Por su parte, los republicanos censuraron el estímulo fiscal, se quejaron de los enormes déficits fiscales que hubo como resultado de la crisis. Algunos afirmaron que las políticas de la FED planteaban el riesgo de una hiperinflación. La mayoría se opuso a una nueva regulación para el sector financiero y se ensañaron con el rescate de la industria automotriz. Sin embargo, tal vez el presidente electo Donald Trump no podría estar en una posición para acosar a los fabricantes de automóviles el día de hoy si no los hubieran rescatado entonces.

El desempeño de la economía fue notable. La tasa de desempleo cae más rápido de lo esperado. Las empresas sumaron 15.6 millones de puestos de trabajo desde 2010. El crecimiento del salario real fue más rápido que en cualquier ciclo desde 1970. En el tercer trimestre de 2016, la economía fue 11.5% más grande que en su punto máximo antes de la crisis y el PIB real per cápita fue 4% superior al pico previo a la crisis, mientras que el de la zona euro aún estaba por debajo. El patrimonio neto por hogar alcanzó a estar 50% por arriba del nivel en 2008.

Pero, Obama estaba interesado en algo más que la recuperación económica. Trató de acercar a EU al seguro universal de salud que en otros países se da por sentado. El “Obamacare” se estima que sumó 23 millones de personas a las listas de los seguros. Los costos de atención de salud también crecieron muy lento desde que entró en vigor la ley.

Sin embargo, algunos problemas no se curaron. Los resultados económicos de EU se volvieron desequilibrados, a pesar de un cambio progresivo en el impacto de la política fiscal. Hacer algo eficaz sobre esto estaba más allá del poder de Obama, tanto porque es difícil como porque los opositores no tenían ningún interés en ayudar.

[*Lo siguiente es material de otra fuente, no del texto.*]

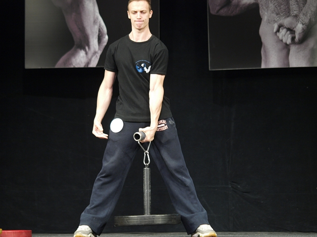 31 reps CoC#3 20 mm block set; 12 reps CoC#3.5 20 mm block set; T9 (Tetting Grand Elite) 4 reps 20 mm block set - both hands; Little Big Horn on contest - 111.2 kg; on training - 136 kg ; Inch hold 64 sec; FBBC 3'' dumbbell handle - 95.8 kg=211 lbs CoC#4 4 reps 20 mm block set right hand & 10 reps MMS. GHP certification Level 9 - 2 reps - 3rd place. Official World Record on axle Ironmind double overhand deadlift - 236.1 kg ; Double Inch Dumbbells walk - 40.3 m - 132 feets. Millennium Dumbbell 40 singles both hands for 1 hour, 6 reps right hand strict |
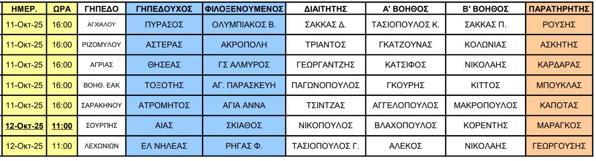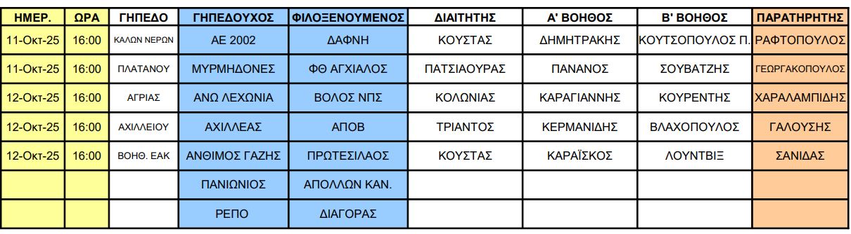 Τους διαιτητές των αγώνων του σαββατοκύριακου 11-12 Οκτωβρίου στα πρωταθλήματα της Α’ και Β’ ΕΠΣΘ, ανακοίνωσε η Τοπική Επιτροπή Διαιτησίας. Αναλυτικά:
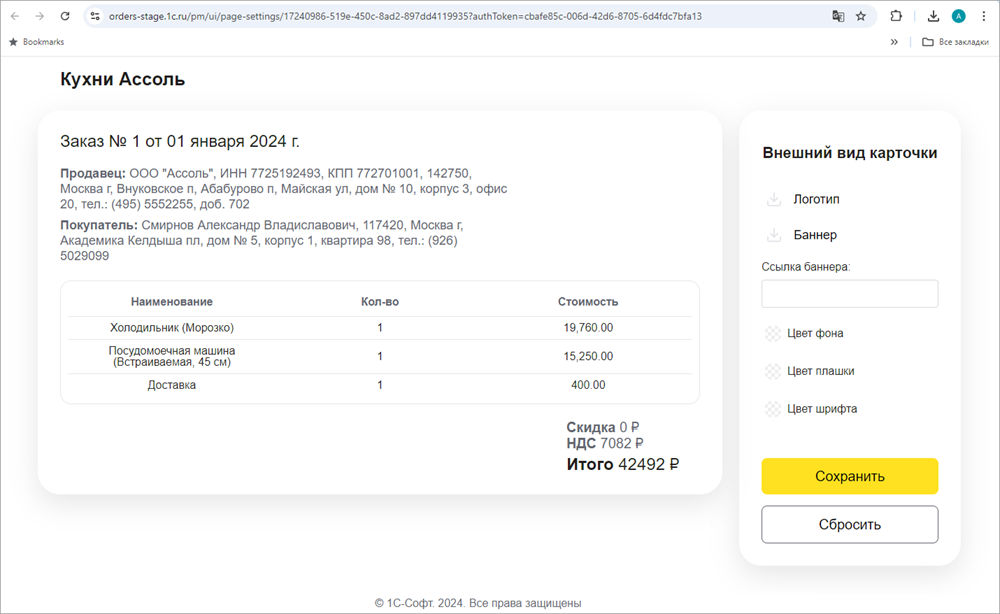 По ссылке на заказ покупатель перейдет на страницу с содержанием счета и может быстро оплатить его через систему быстрых платежей (СБП). После загрузки оплаты формируется документ "Операция по платежной карте" со способом оплаты "СБП".
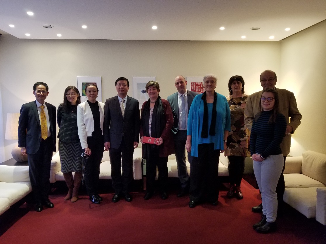 代表团在波恩受到了亚历山大·洪堡基金会秘书长Enno Aufderheide博士和德国联邦教育与研究部欧洲及国际教育与研究司司长Susanne Burger女士的接待,分别就科研人才的引进和培养以及中德工程学院2020年评估事宜交换了意见。在慕尼黑期间,代表团访问了中国驻慕尼黑总领事馆,与副总领事陈永军进行了交谈。陈永军对代表团的来访表示欢迎,并对同济大学为新馆落成所做出的贡献表示感谢。
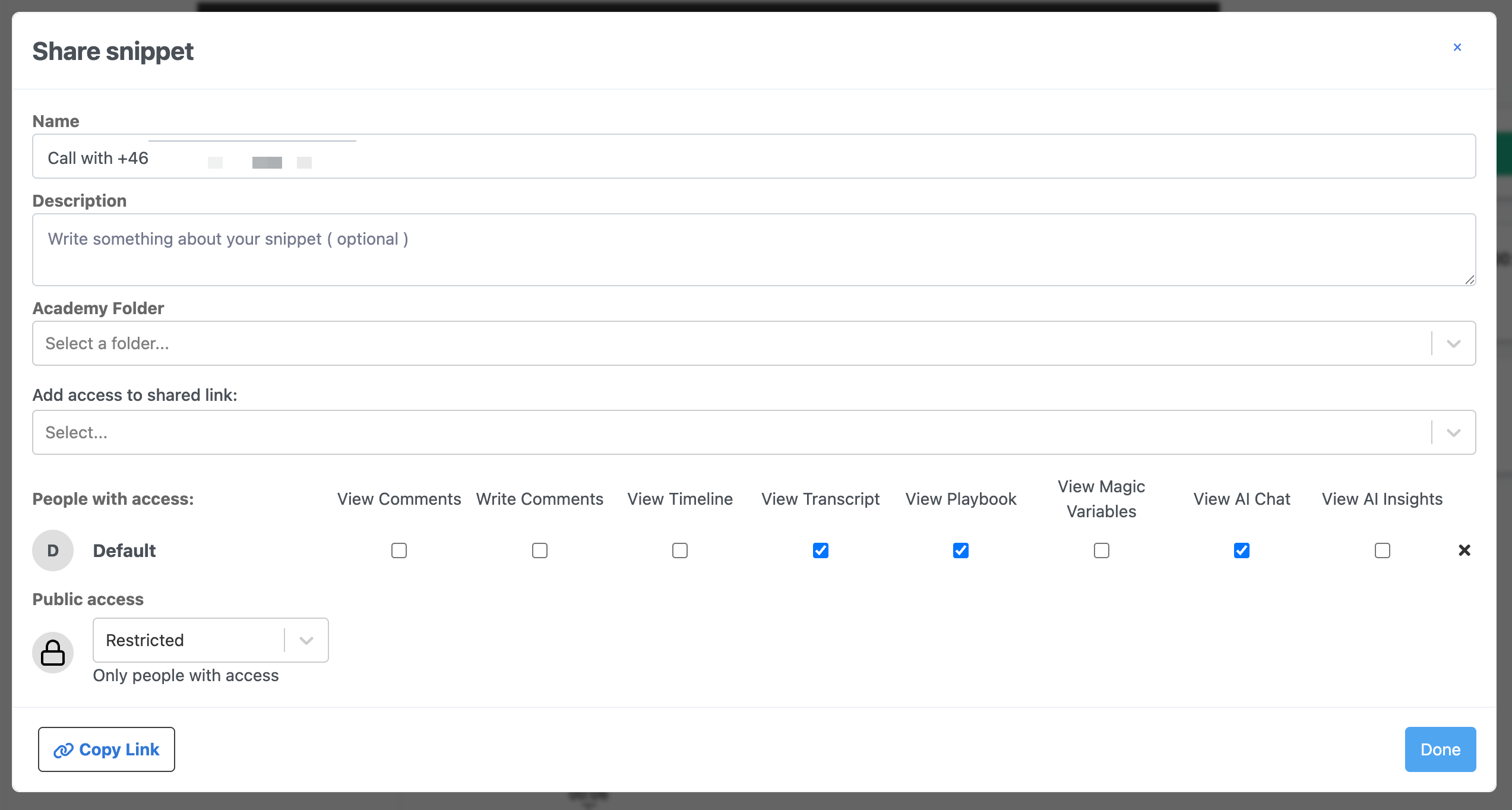 • Add access to shared link: if you want to share the snippet, grant access rights to the recipient by checking the boxes

También, la participación en la fuerza laboral de hombres en edad productiva (de 25 a 54 años) se encuentra en una tendencia a la baja en 70 años, mientras que la de las mujeres se mantuvo sin cambios por tres décadas. Este es un mal desempeño para los estándares de las economías de altos ingresos. Y es una falla profunda.

Otro ejemplo es la productividad laboral que se redujo, aunque aún es más alta que en otros miembros del G7. Algunos argumentan que este es el resultado de una regulación excesiva. La siguiente administración se prepara para probar esa hipótesis hasta su límite.

Finalmente, EU tiene un papel clave en la lucha contra la amenaza del cambio climático. Ante la ausencia de un consenso sobre esta cuestión en EU, Obama recurrió a las acciones ejecutivas, que ahora se van a revertir.

En total, la administración rescató la economía y legó una base segura que puede aprovechar su sucesor. Pero cometió un gran error: no llegó hasta el final para castigar las malversaciones e irresponsabilidades que hicieron estallar el sistema financiero y la economía. Esa sensación de injusticia es una de las razones por las que EU eligió al equipo de demolición que asumirá la presidencia. Obama no podía canalizar la ira. Trump, por desgracia, puede.